Is there any disadvantage of using sequence-length, sequence-ref, sequence-map etc rather than different functions for lists (length list-ref etc), strings (string-length, string-ref etc), vectors etc in Racket?

1

1 Answers

4
votes

Performance.

Consider this tiny benchmark:

#lang racket/base

(require racket/sequence)

(define len 10000)
(define vec (make-vector len))

(collect-garbage)
(collect-garbage)
(collect-garbage)

(time (void (for/list ([i (in-range len)])
              (vector-ref vec i))))

(collect-garbage)
(collect-garbage)
(collect-garbage)

(time (void (for/list ([i (in-range len)])
              (sequence-ref vec i))))

This is the output on my machine:

; vectors (vector-ref vs sequence-ref)
cpu time: 1 real time: 1 gc time: 0
cpu time: 2082 real time: 2081 gc time: 0

Yes, that’s a difference of 3 orders of magnitude.

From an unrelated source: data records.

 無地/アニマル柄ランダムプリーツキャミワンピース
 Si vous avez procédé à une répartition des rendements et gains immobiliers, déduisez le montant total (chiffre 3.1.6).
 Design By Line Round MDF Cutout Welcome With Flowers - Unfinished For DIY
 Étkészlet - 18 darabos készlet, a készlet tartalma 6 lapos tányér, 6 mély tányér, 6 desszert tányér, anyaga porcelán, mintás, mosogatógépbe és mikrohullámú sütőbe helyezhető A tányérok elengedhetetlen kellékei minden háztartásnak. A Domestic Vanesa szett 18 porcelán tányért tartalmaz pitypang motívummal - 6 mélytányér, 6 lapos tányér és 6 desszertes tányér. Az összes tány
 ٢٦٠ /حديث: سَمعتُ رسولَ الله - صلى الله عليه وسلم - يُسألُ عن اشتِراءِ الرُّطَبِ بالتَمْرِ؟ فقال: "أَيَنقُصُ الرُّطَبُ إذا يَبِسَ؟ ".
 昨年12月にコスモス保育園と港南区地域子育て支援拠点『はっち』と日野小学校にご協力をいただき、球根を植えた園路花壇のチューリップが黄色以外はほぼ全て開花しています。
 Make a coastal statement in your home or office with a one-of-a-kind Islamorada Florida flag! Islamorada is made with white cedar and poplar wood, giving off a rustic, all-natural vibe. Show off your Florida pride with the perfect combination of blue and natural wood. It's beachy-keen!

Why? Well, racket/sequence is not a terribly “smart” API, and even though vectors are random access, sequence-ref is not. Combined with the ability of the Racket optimizer to heavily optimize primitive operations, the sequence API is a pretty poor interface.

Of course, this is a little unfair, because vectors are random access while things like lists are not. However, performing the exact same test as the one above but using lists instead of vectors still yields a pretty grim result:

; lists (list-ref vs sequence-ref)
cpu time: 113 real time: 113 gc time: 0
cpu time: 1733 real time: 1732 gc time: 0

The sequence API is slow, mostly because of a high level of indirection.

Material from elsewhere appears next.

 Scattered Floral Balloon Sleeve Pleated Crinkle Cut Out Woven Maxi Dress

Now, performance alone is not a reason to reject an API outright, since there are concrete advantages to working at a higher level of abstraction. That said, I think the sequence API is not a good abstraction, because it:

  1. …is needlessly stateful in its implementation, which puts an unnecessary burden on implementors of the interface.

  2. …does not accommodate things that do not resemble lists, such as random-access vectors or hash tables.

If you want to work with a higher level API, one possible option is to use the collections package, which attempts to provide an API similar to racket/sequence, but accommodating more kinds of data structures and also having a more complete set of functions. Disclaimer: I am the author of the collections package.

Given the above benchmark once more, the performance is still worse than using the underlying functions directly, but it’s at least a bit more manageable:

; vectors (vector-ref vs ref)
cpu time: 2 real time: 1 gc time: 0
cpu time: 97 real time: 98 gc time: 10

; lists (list-ref vs ref)
cpu time: 104 real time: 103 gc time: 0
cpu time: 481 real time: 482 gc time: 0

Whether or not you can afford the overhead depends on what exactly you’re doing, and it’s up to you to make the call for yourself. The specialized operations will always be at least somewhat faster than the ones that defer to them as long as some sort of dynamic dispatch is being performed. As always, remember the rule of performance optimization: don’t guess, measure.